*** Opening Source material ***

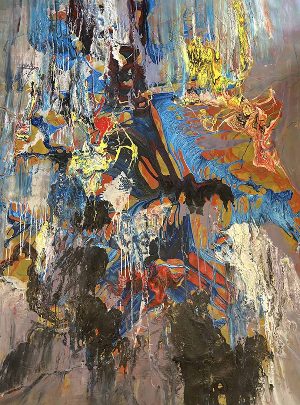 “Forever Is Composed of Nows”, Janet Rady Fine Art, London, UK (Group Show)Boutros-Ghali’s art, characterized by vibrant colors, abstract forms and large-scale energetic paintings, draws inspiration from Egypt's rich and exotic culture. Employing "action painting", her work embodies a sense of spontaneity and creativity. The physicality of her work is evident through her seasoned and competent use of materials — the subject and outcome are determined through methodical structure, yet spontaneous in the outcome, hence allowing for the nature of the materials and her use of them to unfold and tell their mysteries.
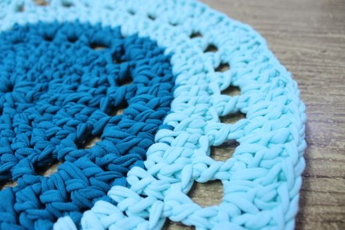 للحصول على بساط من القمصان الكروشيه القديمة ، يمكنك استخدام أي نمط ، على سبيل المثال ، نمط مماثل للمناديل.
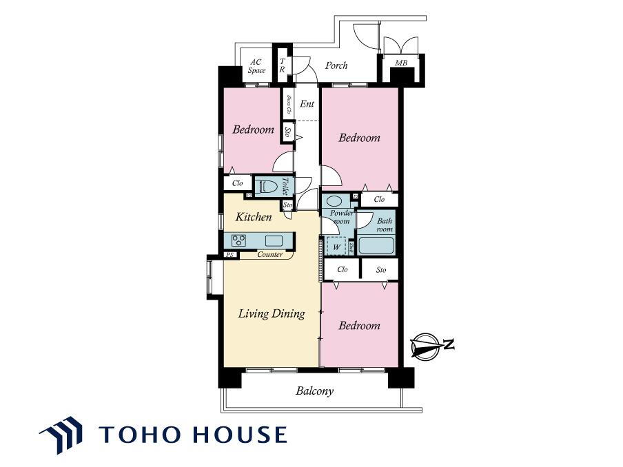 | 総戸数 | 84戸 | 専有面積 | 70.95m2(21.46坪)(壁芯) |

*** Closing Source material ***

Pictures in the listing above must be skipped; everything else should be copied exactly.

> Your response:
 “Forever Is Composed of Nows”, Janet Rady Fine Art, London, UK (Group Show)Boutros-Ghali’s art, characterized by vibrant colors, abstract forms and large-scale energetic paintings, draws inspiration from Egypt's rich and exotic culture. Employing "action painting", her work embodies a sense of spontaneity and creativity. The physicality of her work is evident through her seasoned and competent use of materials — the subject and outcome are determined through methodical structure, yet spontaneous in the outcome, hence allowing for the nature of the materials and her use of them to unfold and tell their mysteries.
 للحصول على بساط من القمصان الكروشيه القديمة ، يمكنك استخدام أي نمط ، على سبيل المثال ، نمط مماثل للمناديل.
 | 総戸数 | 84戸 | 専有面積 | 70.95m2(21.46坪)(壁芯) |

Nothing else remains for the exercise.